Martha Bishop, executive director of Life After Meth and the pastor at Owensville United Methodist Church, stood with the sun warming her shoulders, watching as the crowd around the Old Cathedral on Good Friday began to swell.
“This feels amazing, to come home again,” she said, her eyes revealing a wide smile even behind a mask. “It feels good to start new, to re-establish some traditions and be outside with all of these people.”
After canceling the annual Way of the Cross Walk last year at the start of the COVID-19 pandemic, members of the Vincennes Area Ministerial Association recently announced that it would return this year.

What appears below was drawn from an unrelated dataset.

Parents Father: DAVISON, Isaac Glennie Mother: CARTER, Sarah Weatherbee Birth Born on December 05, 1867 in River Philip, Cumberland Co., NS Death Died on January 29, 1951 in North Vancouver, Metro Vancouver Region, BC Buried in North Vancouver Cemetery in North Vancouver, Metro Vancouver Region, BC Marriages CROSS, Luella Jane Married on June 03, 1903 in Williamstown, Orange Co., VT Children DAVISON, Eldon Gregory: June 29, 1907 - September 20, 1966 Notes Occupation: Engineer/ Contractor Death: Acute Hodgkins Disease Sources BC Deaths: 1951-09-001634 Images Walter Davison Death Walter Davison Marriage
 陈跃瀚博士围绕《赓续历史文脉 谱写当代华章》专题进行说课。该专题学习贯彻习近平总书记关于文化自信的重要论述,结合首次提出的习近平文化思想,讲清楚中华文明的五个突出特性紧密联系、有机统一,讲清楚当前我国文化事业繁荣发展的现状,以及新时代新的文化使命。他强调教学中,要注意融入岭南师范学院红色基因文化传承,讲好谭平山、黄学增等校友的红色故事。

The Way of the Cross Walk, a modern take on the Catholic tradition of the Stations of the Cross, is in its 12th year. It can draw as many as 300 people — but that poses a problem during a pandemic, so they looked to some creative solutions.

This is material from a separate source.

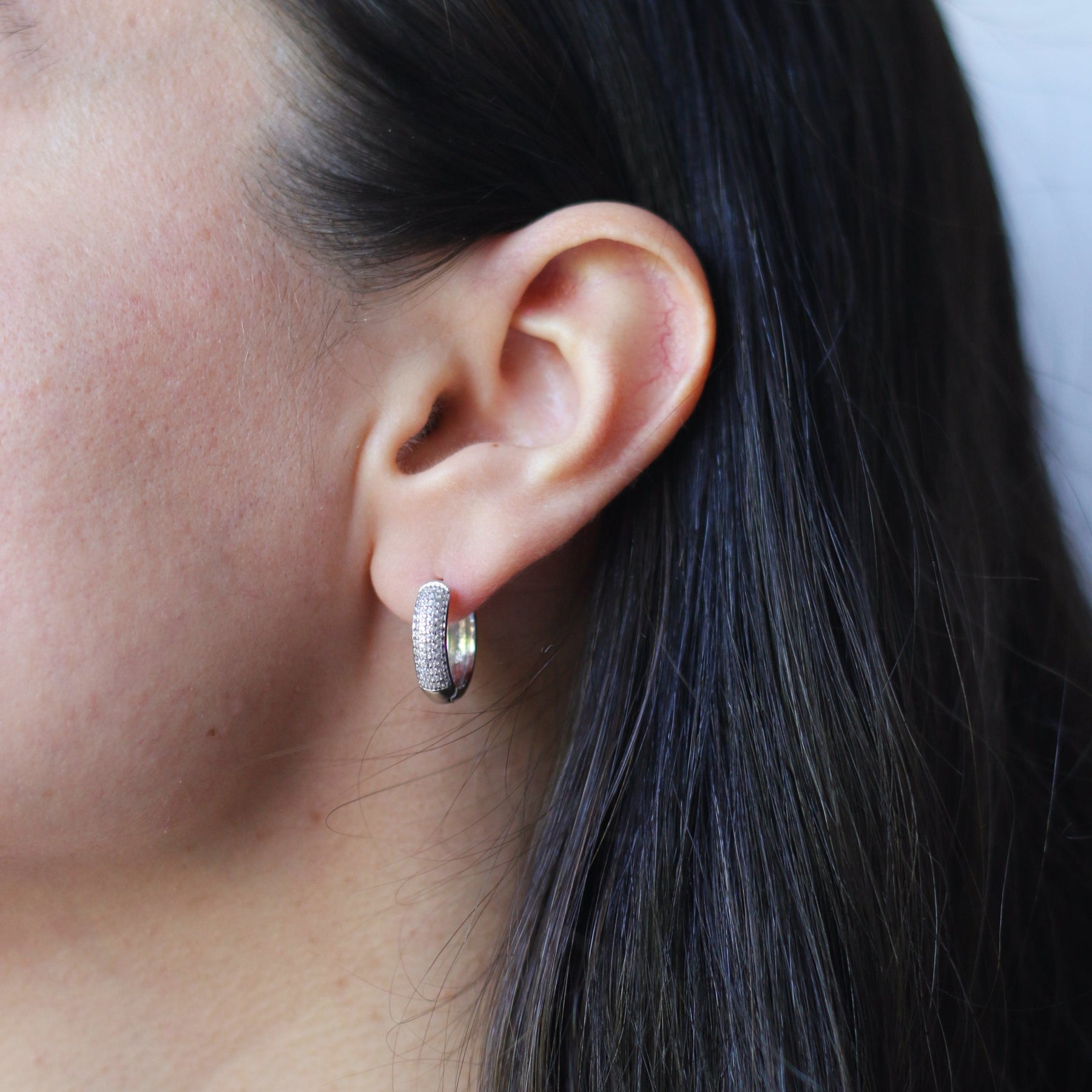 Estos preciosos Huggie de plata están hechos con 10MM de diámetro  y brillos  que te harán brillar toda la noche. Son perfectos para añadir un toque de glamour a cualquier atuendo, y son un gran regalo para esa persona especial en tu vida. ¡Pide tu par hoy y empieza a sentirte como la estrella que eres!

People from all walks of faith gather on the steps of the Old Cathedral promptly at noon on Good Friday and step off together on a mile-long trek through historic downtown, stopping 14 times along the way as local ministers read passages from the Easter story.
This year, however, coordinators sent smaller groups off in multiple waves. Each group then paused at the 14 stops where a minister was waiting to read a passage and corresponding Scripture before sending them on their way. But perhaps the most impactful part of the Way of the Cross Walk is the cross itself. Worshippers traditionally take turns carrying a large wooden cross at the front of the crowd.
This year, coordinator Trevor Murry, the chaplain at Good Samaritan, had a special cross made, one that broke into multiple parts.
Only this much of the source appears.